Country Risk Rating

A2
The political and economic situation is good. A basically stable and efficient business environment nonetheless leaves room for improvement. Corporate default probability is low on average. - Source: Coface

Business Climate Rating

A1
The business environment is very good. Corporate financial information is available and reliable. Debt collection is efficient. Institutional quality is very good. Intercompany transactions run smoothly in environments rated A1.

Strengths

  • High non-price competitiveness
  • Mature high added value sectors (new technologies, finance, chemicals, pharmaceuticals)
  • Major (aerial and maritime) transport and trading hub for goods and financial services
  • Large FDI inflows thanks to the advantageous tax regime, political stability and excellent business climate
  • Leading exporter of capital in Asia through its large sovereign funds

Weaknesses

  • Dependence on exports and imports (energy and food)
  • Shortages of skilled labor and housing, aging population
  • Limited freedom of speech
  • Vulnerability to the slowdown of the Chinese economy
  • Sino-American geopolitical tensions could force a diplomatic alignment

Current Trends

Risks to global trade will continue to loom over the economy

The economy is expected to avoid recession and rebound slightly in 2020. Singapore is the quintessential small, open economy: imports and exports represent 150% and 176% of GDP, respectively. As such, it is particularly sensitive to the global business cycle and developments in international trade, with exports expected to shrink by 10% in 2019. Export performance will be strained again in 2020 by the economic fallout from the Hong Kong protests, the Chinese slowdown and uncertainty stemming from the Sino-American trade war. Trade woes are concentrated in the manufacturing industry, and in particular electronics and machinery, which account for half of the export basket and have seen a sustained decline in output. In contrast, the pharmaceutical and financial services industries, as well as oil refining and marine engineering, have held up well and will act as buffers. Financial firms diverting their activity away from Hong Kong in reaction to the political turmoil will stimulate FDI. At 27% of GDP, investment will remain high by developed country standards. The city-state’s high population density and propensity to attract foreign talent pose the risk of a property bubble, which authorities are combating by tightening financial regulation. Private consumption, which accounts for only 35% of GDP, will remain resilient amidst sustained wage growth and low unemployment (2%). In response to the surprisingly acute slowdown observed in Q2 2019, the monetary authority loosened the speed at which the Singaporean dollar depreciates against the composite currency basket to which it is pegged, making for the first monetary easing in 3 years.
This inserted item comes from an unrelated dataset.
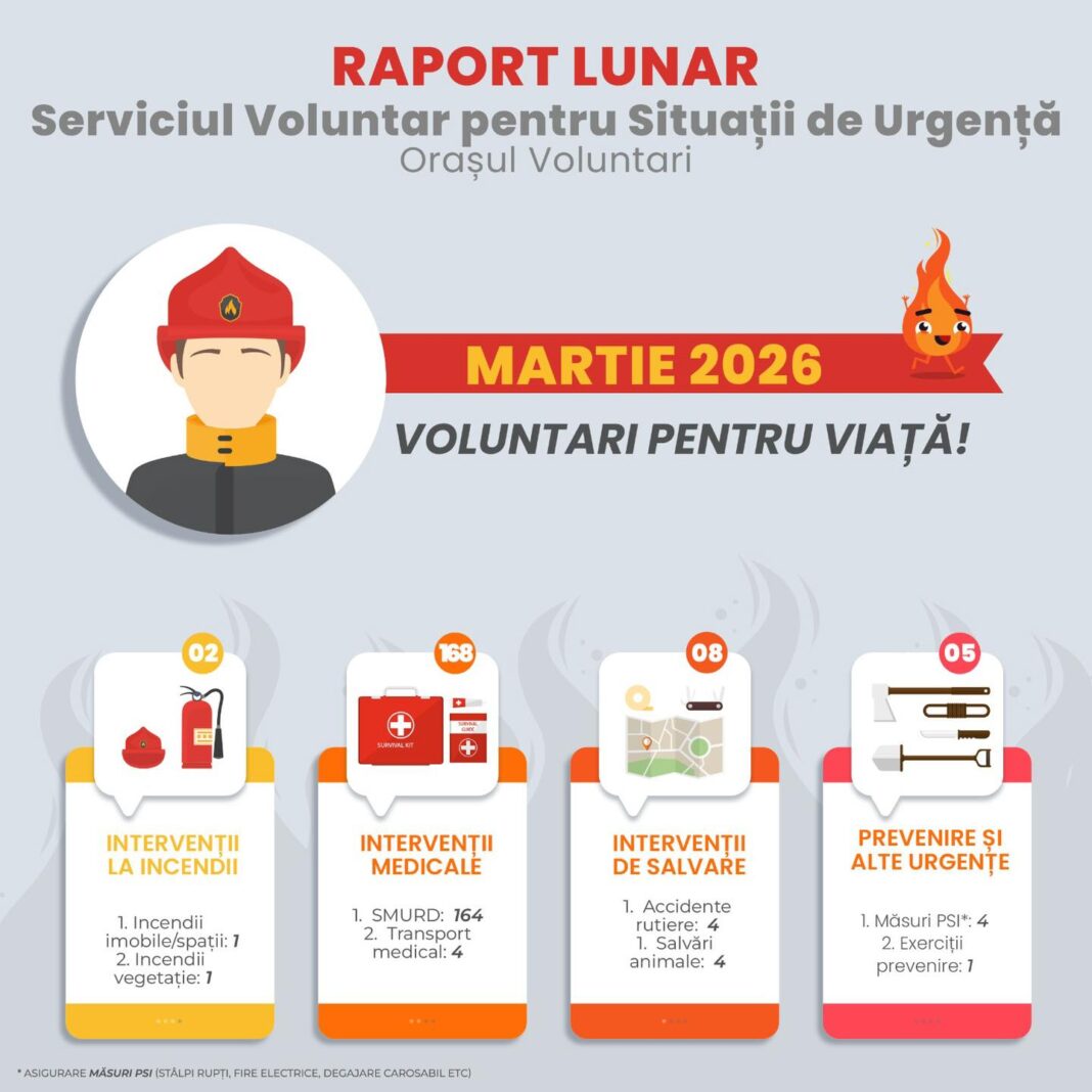 În luna martie 2026, echipele de intervenție SVSU au acționat prompt pentru siguranța comunității, în umătoarele situații: intervenții medicale – 168, intervenții de salvare – 8, intervenții la incendii – 2, prevenire și alte urgențe – 5.

Large twin surpluses fund economic transformation

With a current account surplus of 16% of GDP and a trade surplus of 25%, Singapore enjoys an extraordinarily strong external position. While export-led growth has been the basis for an outstanding development performance, such a dependence on external demand could make the economy harder to manage in a context of deglobalization, trade policy uncertainty and sluggish global growth. While the country is a net exporter of capital by a margin, its holdings are tilted towards portfolio assets while its liabilities have a large share of FDI, creating a negative yield differential that results in an income balance deficit. Most of the imports are inputs used by the manufacturing and oil-refining industries, making the net impact of trade headwinds on the current account largely muted. The largest single determinant of trade performance is demand for electronic components and consumer electronics, which in addition to protectionist headwinds suffers a maturing tech cycle. Though high in appearance, public debt is used to create a domestic safe asset market and is constitutionally isolated from the funding of expenditures. Years of fiscal surplus accumulation have amassed large fiscal reserves (estimated at 300% of GDP) on which the government can draw to finance rare deficits. This margin, along with political continuity, allows authorities to direct spending to forward-looking policies such as labor force retraining and environmental programs.
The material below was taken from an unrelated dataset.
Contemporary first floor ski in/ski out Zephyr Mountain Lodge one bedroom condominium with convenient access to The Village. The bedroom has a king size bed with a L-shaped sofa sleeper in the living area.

A new generation of party technocrats to underpin political stability

Though elections are officially scheduled for 2021, the convening of the Electoral Boundaries Review Committee (the body responsible for drawing the electoral map) in September 2019 signals that the vote will be moved forward to early 2020. The People’s Action Party (PAP), which has ruled the country since gaining independence in 1965 and currently holds 83 out of 89 legislative seats, is virtually guaranteed to continue in power. However, it will be crucial for the PAP to obtain an emphatic victory, as it seeks a strong popular mandate for the recently appointed fourth generation of party leaders. Deputy PM and finance minister Heng Swee Keat is positioned to take the reins from current PM Lee Hsien Loong, son of founding statesman Lee Kwan Yew. In contrast to the smooth functioning of the PAP, the opposition is weakened by the recent legal woes of the Worker’s Party (WP). In October, leading figures of the WP were found guilty of misusing public funds, ending their chances of standing as a credible alternative. The combination of outstanding political continuity, an apparent absence of corruption and a technocratic approach to policy design have catapulted Singapore into one of the world’s most prosperous economies. Thanks to its deep integration into global supply chains, state of the art port infrastructure and bureaucratic seamlessness, it ranks second in the World Bank’s ease of doing business ranking.